Roman Gushchin (a Facebook software engineer) registry in Linux kernel development list, a set of patches to the slab controller memory mapping application (a memory controller).
The new controller is remarkable by moving slab accounting from the memory page level to the kernel object level, which makes it possible to share slab pages across different groups c, rather than allocating separate slab caches for each group c.
Roman found what he calls a "very serious flaw" in the existing slab memory controller that leads to low utilization these days with cgroups.
“The real reason why the existing layout leads to low slab utilization is simple: slab pages are used exclusively by a memory pool.
If there are only a few allocations of a certain size made by a cgroup, or if there are some active objects left after the cgroup is removed, or the cgroup contains a single threaded application that is barely allocating any kernel objects, but every time on a new CPU: in all these cases, the resulting slab utilization is very low.
If kmem accounting is disabled, the kernel can use free space on slab pages for other allocations. «
The proposed Slab memory controller by Romano Gushchin in the past year was quite promising as increases efficiency of the use of the slab, reduce the size of memory used for slab by 30-45% and significantly reduce total kernel memory consumption.

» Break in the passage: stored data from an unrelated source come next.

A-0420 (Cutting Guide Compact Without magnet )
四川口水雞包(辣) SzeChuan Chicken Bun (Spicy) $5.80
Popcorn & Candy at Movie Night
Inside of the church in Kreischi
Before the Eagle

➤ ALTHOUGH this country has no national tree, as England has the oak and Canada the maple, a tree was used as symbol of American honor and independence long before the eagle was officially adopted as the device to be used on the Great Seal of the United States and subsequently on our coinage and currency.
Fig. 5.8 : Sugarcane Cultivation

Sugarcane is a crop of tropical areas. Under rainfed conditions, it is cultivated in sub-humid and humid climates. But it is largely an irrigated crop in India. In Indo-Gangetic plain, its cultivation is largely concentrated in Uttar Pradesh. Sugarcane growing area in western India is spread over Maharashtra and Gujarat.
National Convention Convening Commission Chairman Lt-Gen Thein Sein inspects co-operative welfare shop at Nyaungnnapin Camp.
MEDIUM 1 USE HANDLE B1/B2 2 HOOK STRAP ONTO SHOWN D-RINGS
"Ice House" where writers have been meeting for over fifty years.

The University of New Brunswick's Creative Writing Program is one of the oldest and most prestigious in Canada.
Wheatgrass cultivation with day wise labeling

Also, the patches implemented have indicated that Facebook is already using the code in production on their servers and was saving ~ 650-700MB + for front-end web servers, database caching and DNS servers, among other awards.

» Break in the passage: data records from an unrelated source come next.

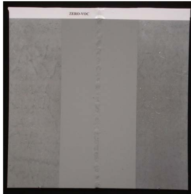
Figure 5 Showing test piece after application of ZRC Zero-VOC.

Two coats of ZRC Zero-VOC were applied from randomly chosen cans (after blending and straining) by brush to a total dry film thickness of 2.8 mils (recorded with a Positector 6000 series magnetic film thickness gauge, per SSPC-PA 2), allowing a 24-hour dry time at 25°C between coats. ZRC Zero-VOC was overlapped 1.5 inches over the galvanized surface on either side of the weld. Figure 5 shows the panel after ZRC Zero-VOC application.
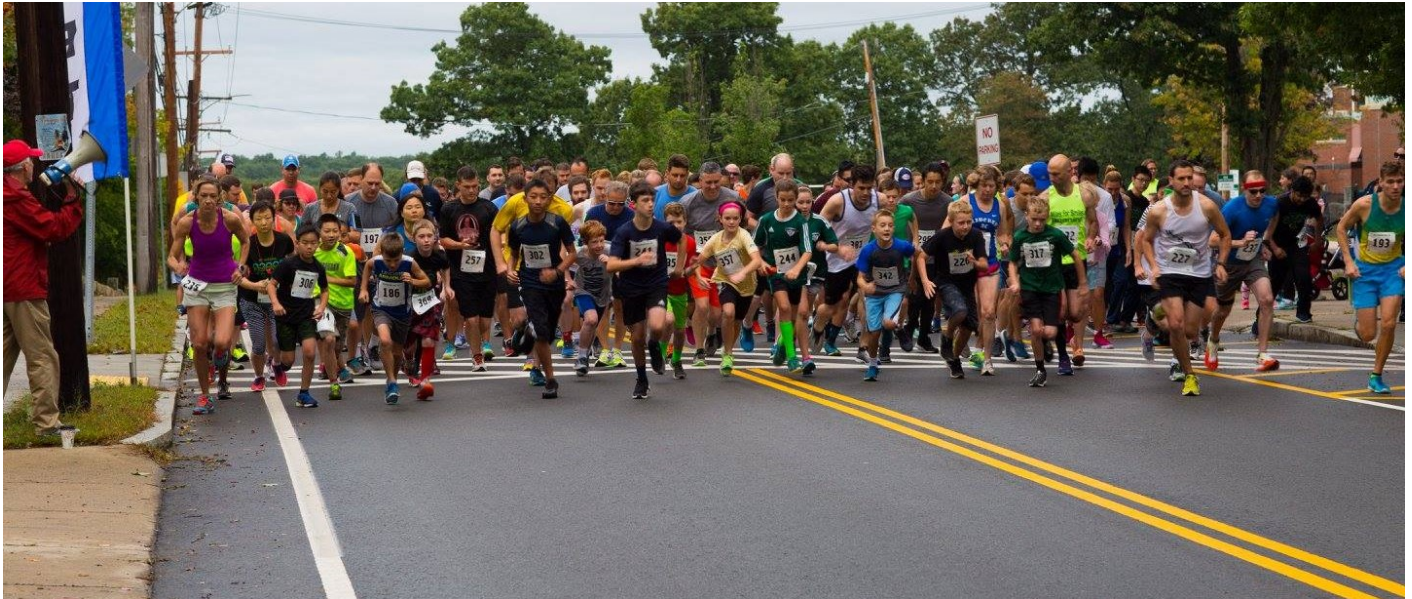
Runners take stride in the annual Westwood Day 5k!

The 8 th Annual Westwood Day will be held on September 21st, 2019! Westwood Day is a day long community celebration of all things that make Westwood such a wonderful place to live.
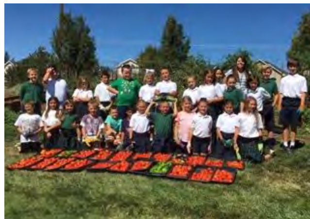
GETTING READY FOR FALL FEST!

Our Fourth Grade was busy last week harvesting the garden to sell produce at Fall Fest. Sales brought in $430 for the Parish food Bank.
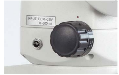
Plug in for power supply
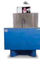
MODEL 91 Manual Vat
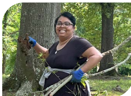
Volunteering with Park Pride is a great way to enjoy fresh air and time outside!
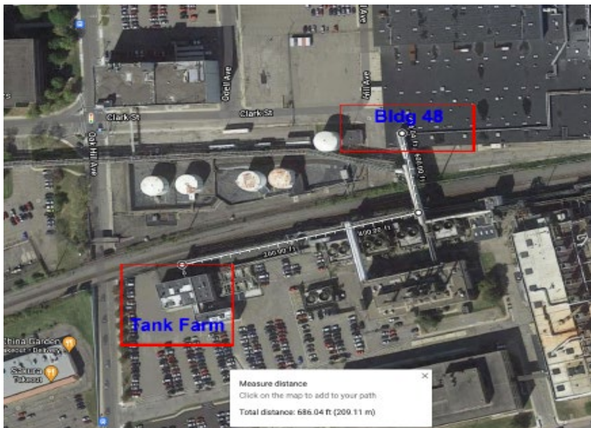
Figure 3: Tank Farm location and building 48 represent the Gigafactory site
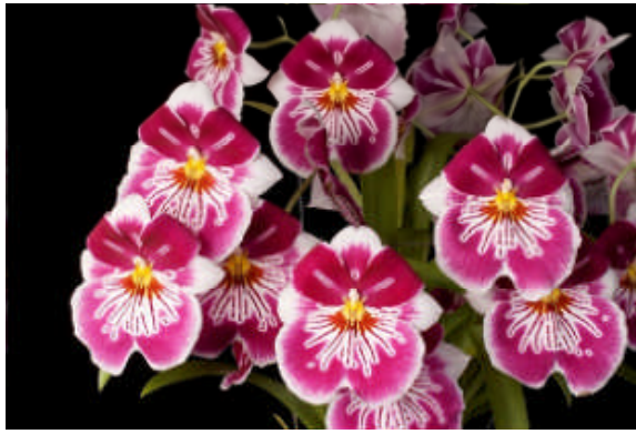
Miltoniopsis Bobbie Smiles 'Remember Me' HCC/AOS

ALSO FEATURED IN ORCHIDS MAGAZINE: 16-page award gallery of breathtaking pictures of recently awarded orchids.

By reducing the number of non-mobile slabs, a positive effect is also observed in the field of reducing memory fragmentation. New memory controller significantly simplifies code for accounting slab and does not require complicated algorithms for dynamic creation and deletion of slab caches for each group c.
All cgroups for memory in the new implementation use a common set of slab caches, and the lifespan of slab caches is no longer tied to the lifespan of memory constraints set through cgroup.
The more precise resource accounting implemented in the new slab controller should theoretically load the CPU more, but in practice the differences turned out to be negligible.
En particular, the new slab driver has been used for several months on Facebook servers in operation that handle different types of loads, and so far no significant regressions have been detected.
The patch contains a couple of semi-independent parts, which can also find their use outside of slab's memory controller:
- The Subpage Load API, which can be used in the future to count other objects that are not the size of a page, for example percpu allocations
- The mem_cgroup_ptr API, where pointers counted to a memcg, can be reused for efficient reparenting of other objects, for example pagecache.
At the same time, there is a significant decrease in memory consumption- On some hosts it was possible to save up to 1 GB of memory, but this indicator largely depends on the nature of the load, the total size of RAM, the amount of CPU and the characteristics of working with memory.
Instead of creating a separate set of kmem_caches for each memory cgroup, two global sets are used: the root set for uncounted and the root group cgroup assignments, and the second set for all other assignments. This allows simplifying lifetime management of individual kmem_caches.
Finally, if you are interested in knowing the new set of 19 patches it can be found in the list kernel mail.